Exercise prompt:
An exact copy of the records below is needed, with every picture left out.

Extracted data entries:

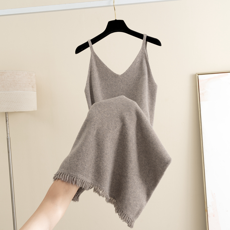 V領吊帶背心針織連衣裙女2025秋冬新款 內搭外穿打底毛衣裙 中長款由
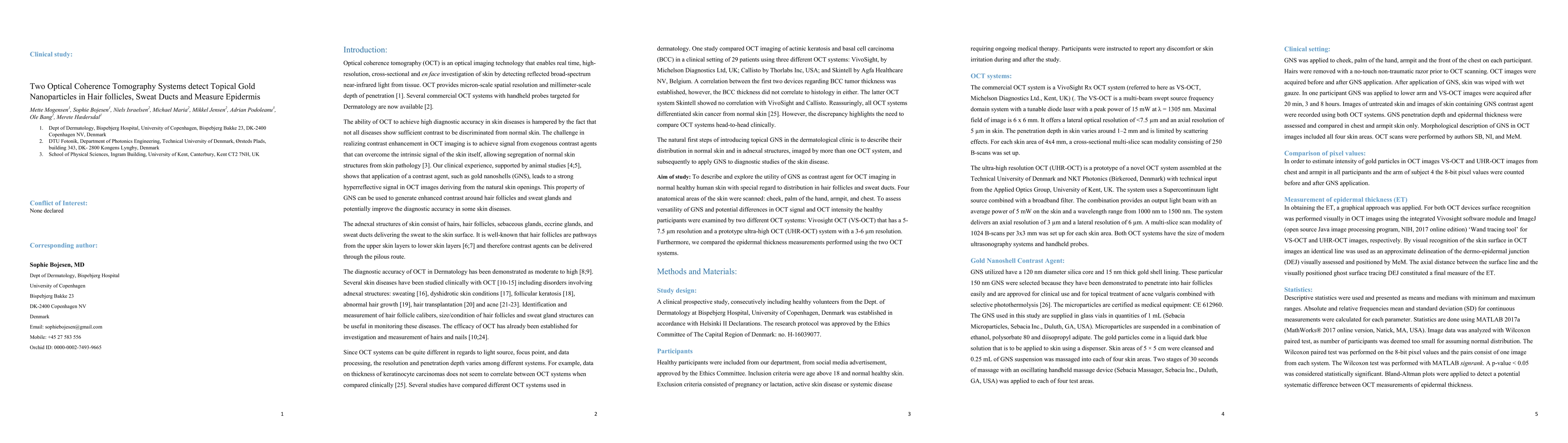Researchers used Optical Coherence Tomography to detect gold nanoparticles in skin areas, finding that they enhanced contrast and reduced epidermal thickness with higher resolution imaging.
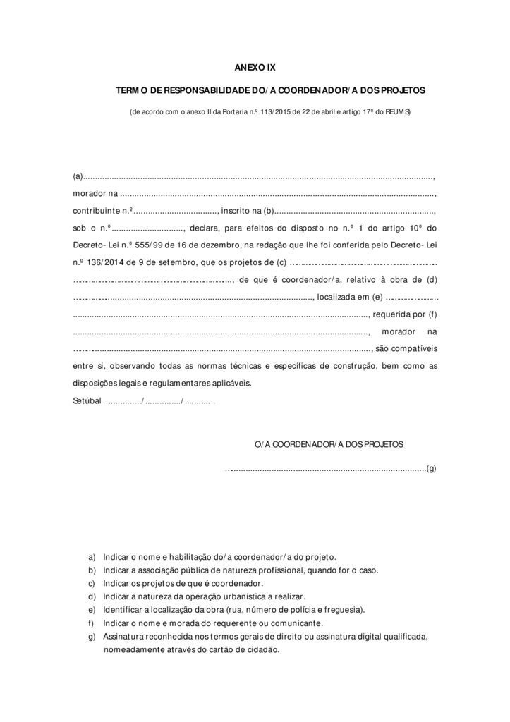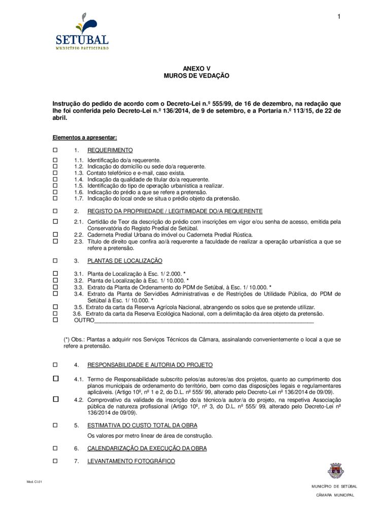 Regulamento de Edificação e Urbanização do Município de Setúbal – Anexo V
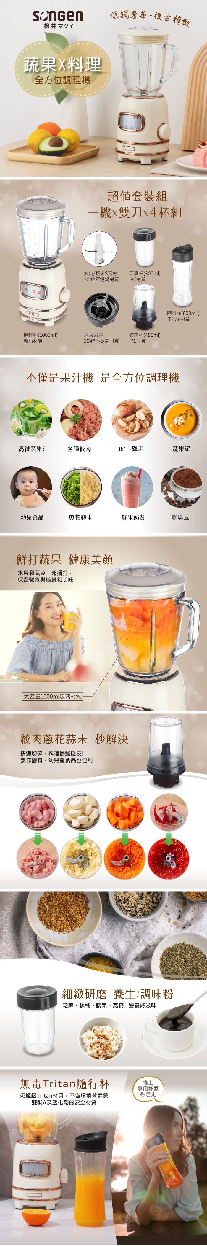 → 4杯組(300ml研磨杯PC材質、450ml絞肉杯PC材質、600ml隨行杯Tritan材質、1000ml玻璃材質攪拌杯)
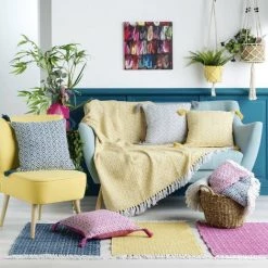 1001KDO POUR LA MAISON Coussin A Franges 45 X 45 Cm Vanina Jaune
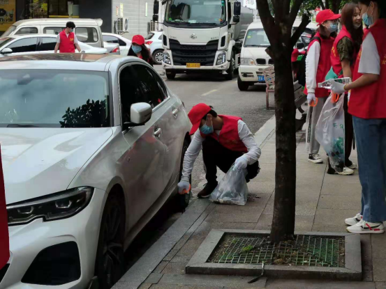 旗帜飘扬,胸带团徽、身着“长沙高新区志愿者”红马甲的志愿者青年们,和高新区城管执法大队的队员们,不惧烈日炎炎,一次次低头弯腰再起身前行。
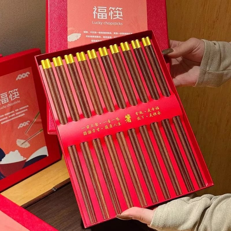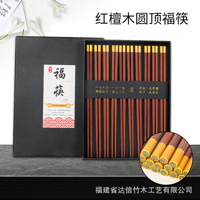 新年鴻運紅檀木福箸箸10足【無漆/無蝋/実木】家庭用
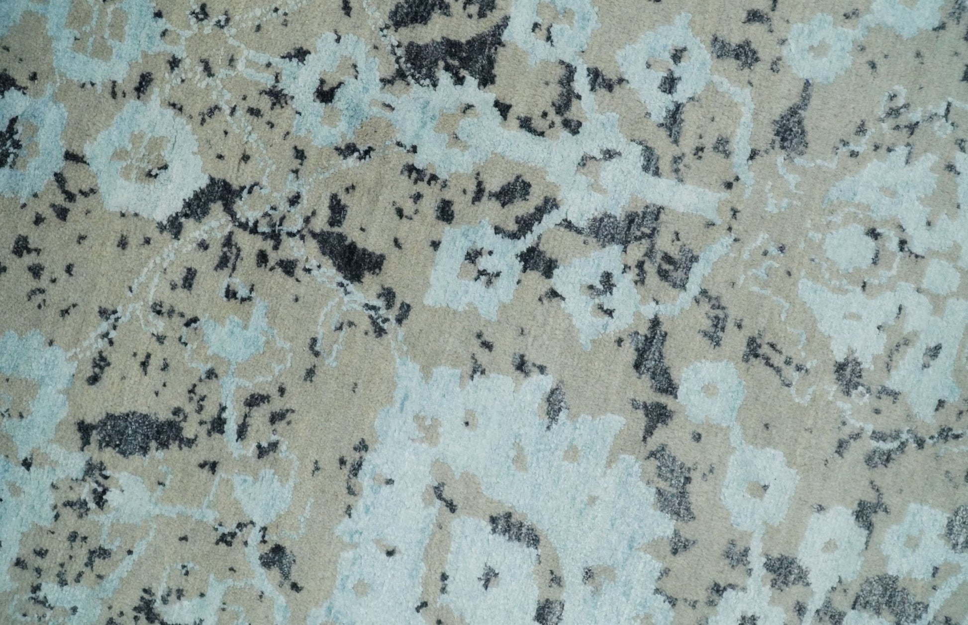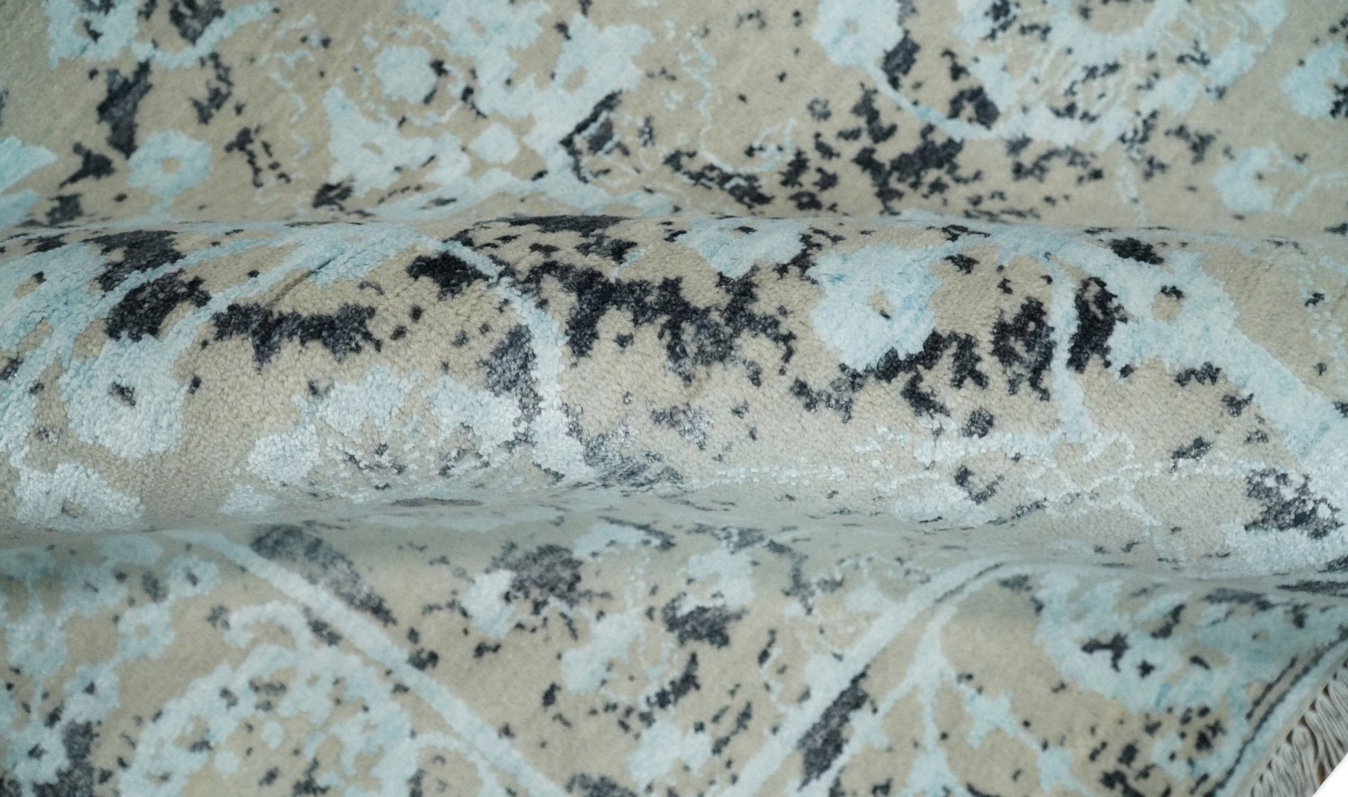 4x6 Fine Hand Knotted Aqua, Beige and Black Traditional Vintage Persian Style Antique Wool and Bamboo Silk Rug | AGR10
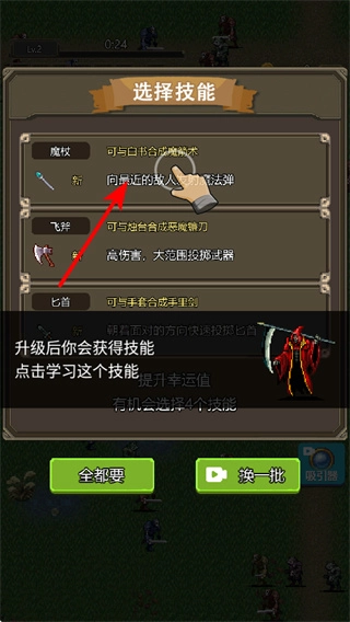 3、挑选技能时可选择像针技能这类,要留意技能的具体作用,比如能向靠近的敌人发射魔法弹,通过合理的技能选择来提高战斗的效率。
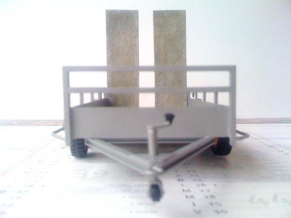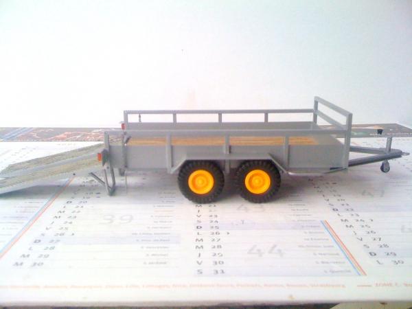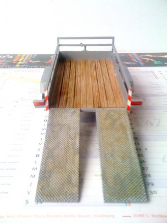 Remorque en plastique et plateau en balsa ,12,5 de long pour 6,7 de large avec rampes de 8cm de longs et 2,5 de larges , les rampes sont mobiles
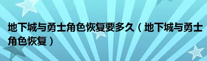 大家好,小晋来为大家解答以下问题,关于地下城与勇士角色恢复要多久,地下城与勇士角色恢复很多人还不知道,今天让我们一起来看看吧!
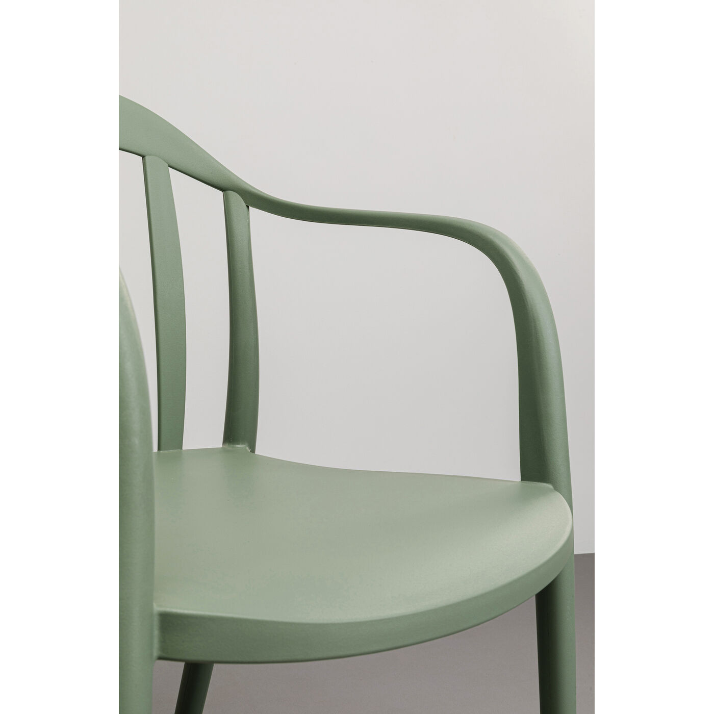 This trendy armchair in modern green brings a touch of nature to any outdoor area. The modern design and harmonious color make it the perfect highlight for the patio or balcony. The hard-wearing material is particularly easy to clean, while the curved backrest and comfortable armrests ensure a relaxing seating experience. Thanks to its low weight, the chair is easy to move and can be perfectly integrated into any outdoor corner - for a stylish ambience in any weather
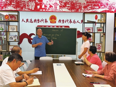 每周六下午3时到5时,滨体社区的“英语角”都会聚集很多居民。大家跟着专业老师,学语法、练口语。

Task result:
 V領吊帶背心針織連衣裙女2025秋冬新款 內搭外穿打底毛衣裙 中長款由
Researchers used Optical Coherence Tomography to detect gold nanoparticles in skin areas, finding that they enhanced contrast and reduced epidermal thickness with higher resolution imaging.
 Regulamento de Edificação e Urbanização do Município de Setúbal – Anexo V
 → 4杯組(300ml研磨杯PC材質、450ml絞肉杯PC材質、600ml隨行杯Tritan材質、1000ml玻璃材質攪拌杯)
 1001KDO POUR LA MAISON Coussin A Franges 45 X 45 Cm Vanina Jaune
 旗帜飘扬,胸带团徽、身着“长沙高新区志愿者”红马甲的志愿者青年们,和高新区城管执法大队的队员们,不惧烈日炎炎,一次次低头弯腰再起身前行。
 新年鴻運紅檀木福箸箸10足【無漆/無蝋/実木】家庭用
 4x6 Fine Hand Knotted Aqua, Beige and Black Traditional Vintage Persian Style Antique Wool and Bamboo Silk Rug | AGR10
 3、挑选技能时可选择像针技能这类,要留意技能的具体作用,比如能向靠近的敌人发射魔法弹,通过合理的技能选择来提高战斗的效率。
 Remorque en plastique et plateau en balsa ,12,5 de long pour 6,7 de large avec rampes de 8cm de longs et 2,5 de larges , les rampes sont mobiles
 大家好,小晋来为大家解答以下问题,关于地下城与勇士角色恢复要多久,地下城与勇士角色恢复很多人还不知道,今天让我们一起来看看吧!
 This trendy armchair in modern green brings a touch of nature to any outdoor area. The modern design and harmonious color make it the perfect highlight for the patio or balcony. The hard-wearing material is particularly easy to clean, while the curved backrest and comfortable armrests ensure a relaxing seating experience. Thanks to its low weight, the chair is easy to move and can be perfectly integrated into any outdoor corner - for a stylish ambience in any weather
 每周六下午3时到5时,滨体社区的“英语角”都会聚集很多居民。大家跟着专业老师,学语法、练口语。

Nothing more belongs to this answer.